Comecei a apostar no alimento de transição...e comecei, também, a colocar alimento seco à disposição.
Os gatos adoraram essa ideia...
Chegou um momento que não dava mais para oferecer mamadeira, porque eles mordiam os bicos das mamadeiras até cortar.
Então nós pensamos como mãe-gata (acho que é por isso que elas desmamam seus filhotes...quem aguenta levar mordidas assim???) e aboli a mamadeira.
Mas continuei colocando leite num potinho...
Bem... posso dizer que o machinho teria ficado até hoje no alimento pastoso.Ele se recusava a mastigar.Eu ficava muito preocupada e não sossegava enquanto ele não estivesse alimentado.
Tinha mesmo muito medo de perdê-lo.
Mantive os dois no andar de cima da casa até o dia em que completaram 3 meses.
Tinha medo de perdê-los pela casa...porque, apesar de terem crescido muito(nasceram com 80g e 90g mais ou menos) ainda são pequenos...
Mas liberar "a casa" foi a melhor coisa a ser feita!O menino passou a se alimentar melhor e eu pude retomar a rotina.
Os gatos puderam retomar quase toda a rotina, à exceção de algumas áreas com rede de proteção, que ainda estão restritas para evitar pequenos acidentes com os filhotes, cujas cabeças - pequenas - ainda podem passar pela rede e se enroscar...
O que eu posso dizer que aprendi, com certeza, nisso tudo, é que é possível salvar gatinhos órfãos, sim.
Acho que o Dr tem razão quando diz que as pessoas deveriam saber fazer enema e alimentar gatinhos filhotes com sonda.
É incrível...eles têm o reflexo de engolir a sonda!!!
Vc coloca a pontinha na boca deles e eles vão engolindo.
Basta ter bom senso e medir a altura das costelinhas deles...que é o tanto de sonda que eles vão engolir.
Com a sonda, vc garante 6 horas de barriguinha cheia. E tem um certo tempo para descansar.
É o mesmo método do enema com a sonda de uretra humana e a seringa.
Vc põe o leite na seringa e vai, lentamente, mandando o leitinho para a barriguinha do filhote.
Mas se vc tem receios, peça a um veterinário bacana para te mostrar.
Eu não fiz, porque na ocasião em que descobri esse método, já estava alimentando os pequenos a cada 3 ou 4 horas(sim! à medida que o tempo passa, vc vai dando intervalos maiores nas mamadas, porque eles conseguem mamar mais) e não havia necessidade disso.

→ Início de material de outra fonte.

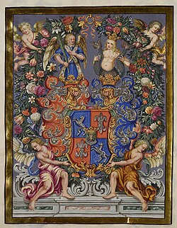 | Wappen der Gentilotti von Engelsbrunn | Pergamentmalerei (Adelsbrief: Kaiser Leopold I., Erhebung in den Reichsritterstand); Digitale Bibliothek des Trentino, Ikonographie: 16070 | Autor/-in unbekannt Unknown author | Datei:Gentilotti von Engelsbrunn-Wappen 1685.jpg | |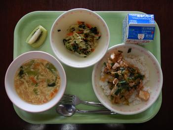 「ぶたキムチ丼・わかめサラダ・中華コーンスープ・キウイフルーツ・牛乳」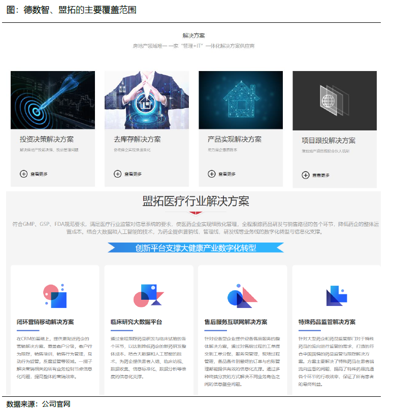 - 第一、 公司在地产行业声名远扬,所有垂直解决方案的市占率高且稳定,先发优势明显;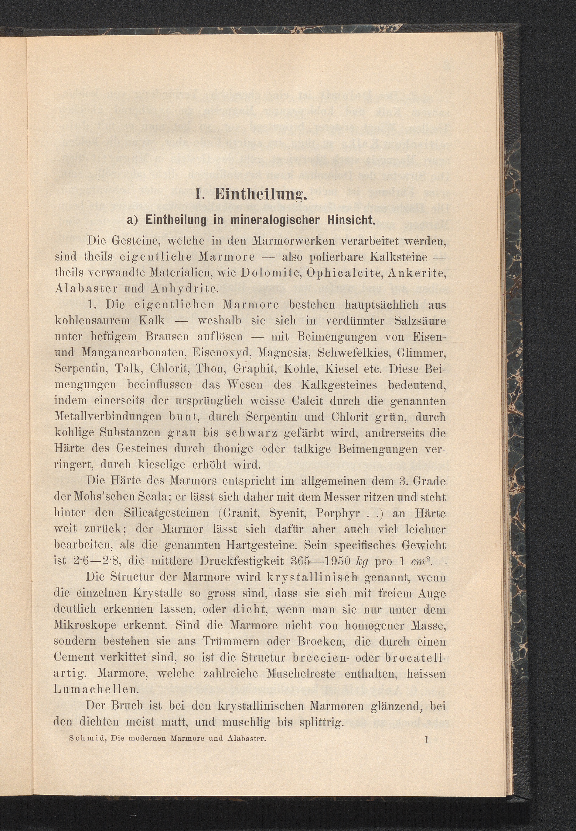 Die modernen Marmore und Alabaster : deren Eintheilung, Entstehung, Eigenschaften und Verwendung nebst einer Übersicht der wichtigsten Marmorsorten / von Heinrich Schmid

Mas o Dr nos mostrou como fazer.
Aprendi muito sobre filhotes.
Ouvi muitos bons comentários sobre os acertos.
Eles tomaram vermífugo, complexo vitamínico e estão prestes a tomar vacina.
Quanto à experiência emocional...Bem...
É muito difícil falar a respeito.
Tudo aconteceu numa data muito simbólica...só para começar...
Tudo aconteceu de uma maneira muito particular para mim.
Já tinha 7 gatos aqui.
Um limite mais que acima do que o "juízo" permite.
Não se tratam, simplesmente, de dois gatinhos que foram tirados da rua para buscar um lar.
São verdadeiramente como filhos.
E eu, como metade de mãe felina, gostaria de continuar "lambendo a minha cria"; mesmo que isso pareça insano.
Sou mãe de gato, com orgulho.
E, se me permite uma última observação: muito mais do que esses dois filhotes sortudos, sortuda sou eu...essa sim, é a grande lição que a Mãe Natureza me deu, no ano em que completo 40 anos, com a sua sabedoria incontestável.